OK I don’t love the BCS but I am not a college football playoff nut either. College basketball is great in March but the rest of the season has been sapped of its vitality and that would be terrible for football.
The BCS has been made the bad guy in all these and they just sit back and let themselves get hammered, trying only the most pathetic PR response. Hiring a fancy PR firm, which the BCS has done, isn’t going to help. No amount of spit and polish is going to make a crappy message look better.
The BCS needs to quit letting others set the agenda and needs to go on the offensive with their own agenda. Here is one proposal:
- What is the real problem with the matchups created this season in the BCS bowls? No one knows how to evaluate all the unbeatens – is an unbeaten TCU better or worse than Cincy or Texas or Boise or ? And are they really better than any 1-loss teams out there?
- We don’t know how to evaluate these teams because the regular season is a failure – there is little/no meaningful cross-conference play. Imagine if TCU had had to play a couple SEC teams or Cincy a couple Big-12 teams and so on. Meaningful interconference play during the season would help bowl seeding dramatically.
- The NCAA let schools add a 12th game to their seasons a few years back – and rather than adding meaning interconference play, everyone has gone on a cupcake search. These games have added nothing to the quality of the sport. These games could and should be replaced with something more meaningful.
- The idea then: grab the 12th game back. Ask all schools to hold a weekend in mid-October open. At the end of the previous weekend’s play, seed all the FCS teams into meaningful interconference games. And have a grand mid-season interconference weekend full of meaningful games.
- This would bring a level of excitement to the sport in October that would be unprecedented. A weekend of great games. The excitement of seeding announcements the weekend before. It would be an event on the scale of March Madness but unique to football in structure. It would be like a midseason Bowl season.
- We would hold off creating BCS ratings until after this weekend so that the ratings can benefit from the information learned in this weekend.
Rather than sitting back passively and being blamed as the bad guy ruining the sport, the BCS could go on the offensive with a proposal that would materially improve the sport. And it would maintain the character and history of the bowls, while improving the postseason matchups.
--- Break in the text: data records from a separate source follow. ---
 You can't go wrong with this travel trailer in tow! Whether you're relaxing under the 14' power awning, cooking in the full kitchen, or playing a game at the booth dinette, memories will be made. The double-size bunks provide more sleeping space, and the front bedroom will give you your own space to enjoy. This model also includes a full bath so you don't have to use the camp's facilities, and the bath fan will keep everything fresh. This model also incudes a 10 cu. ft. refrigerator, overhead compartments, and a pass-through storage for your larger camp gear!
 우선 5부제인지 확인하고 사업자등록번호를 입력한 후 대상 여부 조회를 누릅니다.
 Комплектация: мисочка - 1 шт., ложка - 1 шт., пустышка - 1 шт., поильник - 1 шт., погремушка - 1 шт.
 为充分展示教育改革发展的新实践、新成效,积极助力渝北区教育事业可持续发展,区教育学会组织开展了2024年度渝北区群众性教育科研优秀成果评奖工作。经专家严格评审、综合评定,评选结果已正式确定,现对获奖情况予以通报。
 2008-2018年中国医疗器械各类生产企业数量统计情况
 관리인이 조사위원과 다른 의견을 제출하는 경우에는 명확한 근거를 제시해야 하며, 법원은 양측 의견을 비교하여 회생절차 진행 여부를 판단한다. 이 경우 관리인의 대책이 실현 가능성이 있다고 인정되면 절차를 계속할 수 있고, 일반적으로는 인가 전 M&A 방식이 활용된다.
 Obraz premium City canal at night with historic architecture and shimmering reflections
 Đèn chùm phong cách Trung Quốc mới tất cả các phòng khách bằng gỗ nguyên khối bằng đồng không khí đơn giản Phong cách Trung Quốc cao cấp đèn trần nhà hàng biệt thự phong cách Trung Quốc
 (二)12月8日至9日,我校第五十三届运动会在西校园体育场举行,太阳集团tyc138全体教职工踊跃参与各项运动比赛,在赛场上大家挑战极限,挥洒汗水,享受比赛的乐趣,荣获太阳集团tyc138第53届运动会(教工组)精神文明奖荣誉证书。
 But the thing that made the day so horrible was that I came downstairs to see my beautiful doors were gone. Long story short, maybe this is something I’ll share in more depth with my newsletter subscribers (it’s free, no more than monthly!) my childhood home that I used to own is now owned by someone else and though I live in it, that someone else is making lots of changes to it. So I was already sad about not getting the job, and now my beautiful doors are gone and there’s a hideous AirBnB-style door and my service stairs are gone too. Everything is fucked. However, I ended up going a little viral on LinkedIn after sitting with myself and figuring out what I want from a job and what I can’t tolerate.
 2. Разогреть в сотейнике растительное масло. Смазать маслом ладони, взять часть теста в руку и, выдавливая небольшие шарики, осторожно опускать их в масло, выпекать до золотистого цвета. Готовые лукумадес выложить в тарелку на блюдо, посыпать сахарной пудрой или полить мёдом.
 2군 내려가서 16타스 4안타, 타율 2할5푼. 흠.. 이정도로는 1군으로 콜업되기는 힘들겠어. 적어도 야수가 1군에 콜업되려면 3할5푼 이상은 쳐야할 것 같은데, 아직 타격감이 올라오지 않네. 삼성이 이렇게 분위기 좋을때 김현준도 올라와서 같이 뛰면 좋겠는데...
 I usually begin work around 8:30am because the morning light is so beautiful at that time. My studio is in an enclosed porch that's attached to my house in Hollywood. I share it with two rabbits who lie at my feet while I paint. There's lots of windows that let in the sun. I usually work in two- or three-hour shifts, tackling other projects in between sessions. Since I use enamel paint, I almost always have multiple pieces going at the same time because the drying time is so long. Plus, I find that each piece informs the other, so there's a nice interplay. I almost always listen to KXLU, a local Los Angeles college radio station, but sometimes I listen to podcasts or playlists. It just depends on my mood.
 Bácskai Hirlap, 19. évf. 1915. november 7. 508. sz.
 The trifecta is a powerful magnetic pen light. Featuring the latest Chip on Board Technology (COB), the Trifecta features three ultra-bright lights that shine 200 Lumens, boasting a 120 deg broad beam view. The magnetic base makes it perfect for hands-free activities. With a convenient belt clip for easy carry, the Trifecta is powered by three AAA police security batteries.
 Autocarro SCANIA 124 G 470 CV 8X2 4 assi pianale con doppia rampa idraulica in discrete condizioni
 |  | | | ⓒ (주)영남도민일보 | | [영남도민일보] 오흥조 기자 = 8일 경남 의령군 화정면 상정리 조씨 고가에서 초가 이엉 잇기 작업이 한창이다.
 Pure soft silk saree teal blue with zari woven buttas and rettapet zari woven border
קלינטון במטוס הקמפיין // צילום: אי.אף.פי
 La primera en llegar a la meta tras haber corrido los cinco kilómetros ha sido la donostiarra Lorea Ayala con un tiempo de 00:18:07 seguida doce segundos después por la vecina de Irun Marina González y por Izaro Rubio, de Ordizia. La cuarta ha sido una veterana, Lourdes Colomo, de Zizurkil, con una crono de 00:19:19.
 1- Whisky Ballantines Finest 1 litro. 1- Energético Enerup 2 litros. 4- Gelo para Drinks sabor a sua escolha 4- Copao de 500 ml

There are many ways the mid-season seeding could happen and there is no need to get caught up in our undershorts of any one system. A proposal below but the exact form doesn’t matter.
- Pick a weekend 6 weeks into the season – halfway point. All schools hold the weekend free for a game to be scheduled, and they agree to provide a playing facility every other year. Gate will be evenly split between schools, no one should care where a game is played. There is a debate to be had about games played on campus or at neutral sites, I have no strong position, there are good arguments for either.
- Scheduling is done completely blind of any rankings, human or computer. All that is considered is FBS conference rankings up to that point in the season.
- Conference standings are split in half – upper and lower. If you are in upper half, you will play an FBS team in the upper half of another FBS conference. Lower half, then opponent in lower half of another FBS conference. Seeding happens within these halves then.
- Unaffiliated teams are grouped with existing conferences for this exercise. ND with Big10, Navy and Army with BigEast, etc. A best estimate made of where they would rank in conference standing.
- The out-of-conference lineup rotates each year according to a known schedule.
So applied to this year’s Big10 standings (approximate midyear , based on memory):
- Iowa Plays a 6 seed from Pac10
- PSU plays a 5 seed from Mountain West
- OSU plays a 4 seed from WAC
- Wisconsin plays a 3 seed from Sun Belt
- MSU plays a 2 seed from Big12
- Notre Dame plays a 1 seed from CUSA
- Northwestern plays a 12 seed from MAC
- Minnesota plays an 11 seed from SEC
- Purdue plays a 10 seed from Big East
- Indiana plays a 9 seed from the ACC
- Illinois plays an 8 seed from the Pac10
- Michigan plays a 7 seed from the Mountain West
The conferences were just listed arbitrarily west to east. The next year they would rotate so you get a mix of seeds from conferences every year.
This system doesn’t screw up conference standings, in fact in reinforces the conference games as conference standing impacts seeding. It doesn’t screw up bowl affiliations, bowl economics, bowl season. It doesn’t screw up BCS participation except for at-large teams, and it can only improve the quality of selection. It creates a huge amount of midyear excitement, almost a 2nd bowl season. And it is scalable -- if only 3 conferences want to participate at first, fine, do it with just 3.
OK so there are a ton of details to work out but the core is this – the BCS needs to create a positive agenda and get out of their reactive position, and there is plenty of opportunity to improve the regular season.